» **Task details**
Transcribe each line below verbatim; pictures excluded.

» **Given information**
☆ ☆ ☆ ☆
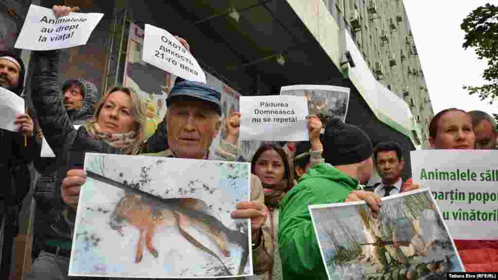 Zeci de membri ai Societății vânătorilor și pescarilor au protestat în fața Ministerului Ecologiei nemulțumiți că a fost interzisă vânătoarea la speciile de păsări acvatice și la iepurele de câmp în sezonul de vânătoare 2015-2016. Una din principalele revendicări ale protestatarilor este demisia ministrului de resort, Valeriu Munteanu. În același timp, un grup de activiști pentru drepturile animalelor și protecția mediului au protestat împotriva vânătorilor, îndemnându-i să împuște în farfurii, nu în animale și să devină vegetarieni.
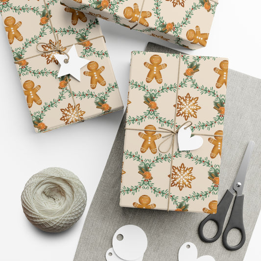 Gingerbread Christmas Wrapping Paper, Classic Christmas Gift Wrap Roll, Holiday Gift Wrap, Christmas Paper, Minimalist, Baking
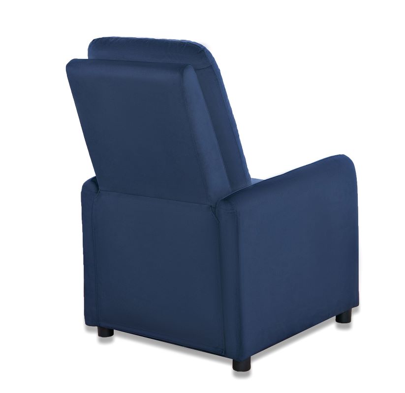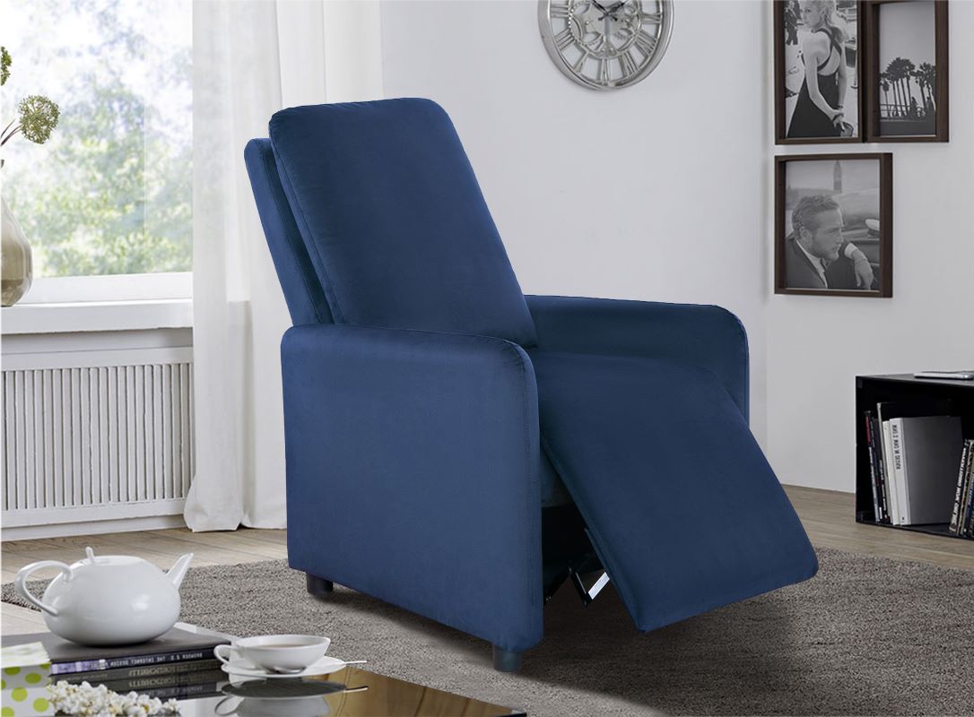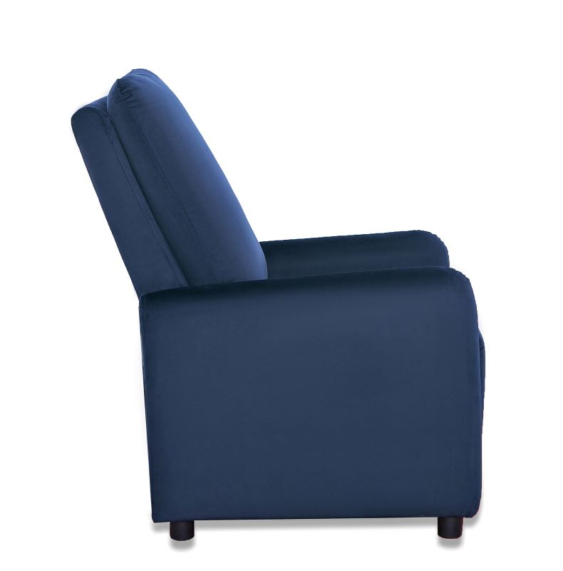 Fotel Remi dostępny w kolorze ciemny granat, ciemny popiel oraz beż. Fotel wykonany w tkaninie welurowej, która jest miękka i przyjemna w dotyku, ponadto tkanina nie gniecie się łatwo, jest wytrzymała, odporna na rozrywanie i rozciąganie. Fotel posiada delikatnie wyprofilowane kształty. Dzięki funkcji push-back wystarczy delikatnie odchylić się do tyłu, aby poczuć, jak oparcie i podnóżek idealnie dopasowują się do ciała. Siedzisko wypełnione jest sprężyną falistą oraz pianką wysokoelastyczną, które dodatkowo zapewnią klientowi komfort wypoczynku. Nóżki plastikowe czarne o wysokości 5 cm. Maksymalne obciążenie fotela wynosi 110 kg.
☆ ☆ ☆ ☆
» **The completed task**
 Zeci de membri ai Societății vânătorilor și pescarilor au protestat în fața Ministerului Ecologiei nemulțumiți că a fost interzisă vânătoarea la speciile de păsări acvatice și la iepurele de câmp în sezonul de vânătoare 2015-2016. Una din principalele revendicări ale protestatarilor este demisia ministrului de resort, Valeriu Munteanu. În același timp, un grup de activiști pentru drepturile animalelor și protecția mediului au protestat împotriva vânătorilor, îndemnându-i să împuște în farfurii, nu în animale și să devină vegetarieni.
 Gingerbread Christmas Wrapping Paper, Classic Christmas Gift Wrap Roll, Holiday Gift Wrap, Christmas Paper, Minimalist, Baking
 Fotel Remi dostępny w kolorze ciemny granat, ciemny popiel oraz beż. Fotel wykonany w tkaninie welurowej, która jest miękka i przyjemna w dotyku, ponadto tkanina nie gniecie się łatwo, jest wytrzymała, odporna na rozrywanie i rozciąganie. Fotel posiada delikatnie wyprofilowane kształty. Dzięki funkcji push-back wystarczy delikatnie odchylić się do tyłu, aby poczuć, jak oparcie i podnóżek idealnie dopasowują się do ciała. Siedzisko wypełnione jest sprężyną falistą oraz pianką wysokoelastyczną, które dodatkowo zapewnią klientowi komfort wypoczynku. Nóżki plastikowe czarne o wysokości 5 cm. Maksymalne obciążenie fotela wynosi 110 kg.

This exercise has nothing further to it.